____ Stored data

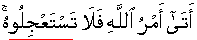 16:01;30:40;39:67]o Glory is for Him/His pleasure is the focus of all effort; and He has kept Himself Exalted above all what they conjecturally associate with Him. [10:18] The أَمْرُ [Grand Quran announcing sounding of true big bang any moment] of Allah has since been given/reached, therefore, you people should not seek hastening that [day of reckoning/account]. [Same pronouncement in same words in
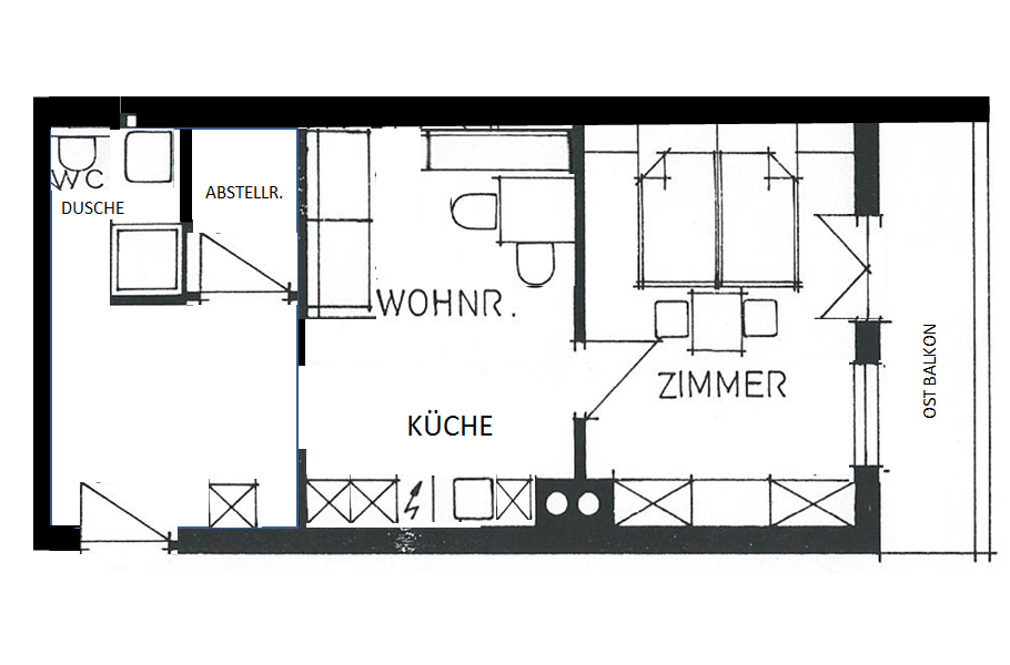 Lage: Im Moahof, 2. Stockwerk, Appartement mit 1 Schlafzimmer
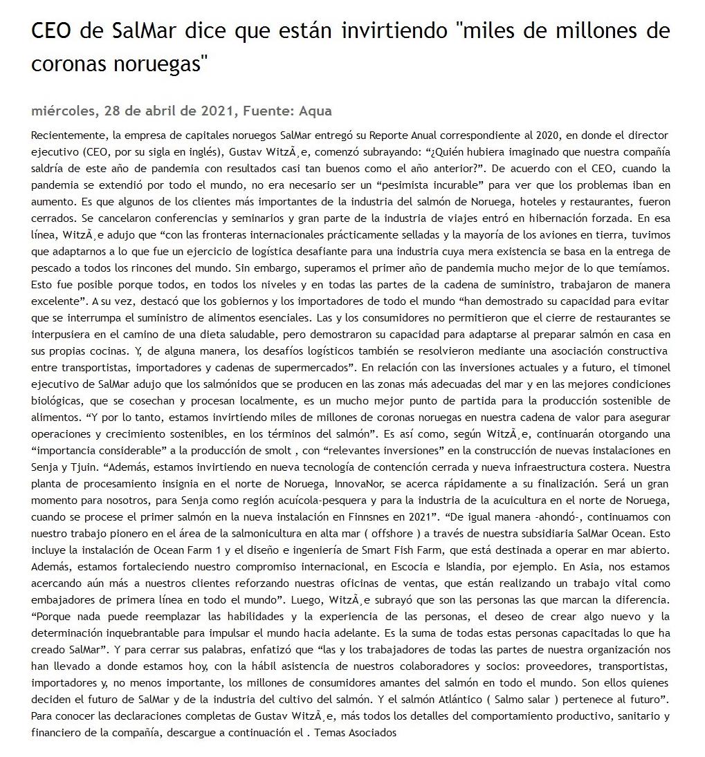 CEO de SalMar dice que están invirtiendo "miles de millones de coronas noruegas" 28-04-2021 Aqua.cl - Chile |

________

Activity
Whenever you reach a picture, pass over it; print all the other material exactly.

Exercise solution
 16:01;30:40;39:67]o Glory is for Him/His pleasure is the focus of all effort; and He has kept Himself Exalted above all what they conjecturally associate with Him. [10:18] The أَمْرُ [Grand Quran announcing sounding of true big bang any moment] of Allah has since been given/reached, therefore, you people should not seek hastening that [day of reckoning/account]. [Same pronouncement in same words in
 Lage: Im Moahof, 2. Stockwerk, Appartement mit 1 Schlafzimmer
 CEO de SalMar dice que están invirtiendo "miles de millones de coronas noruegas" 28-04-2021 Aqua.cl - Chile |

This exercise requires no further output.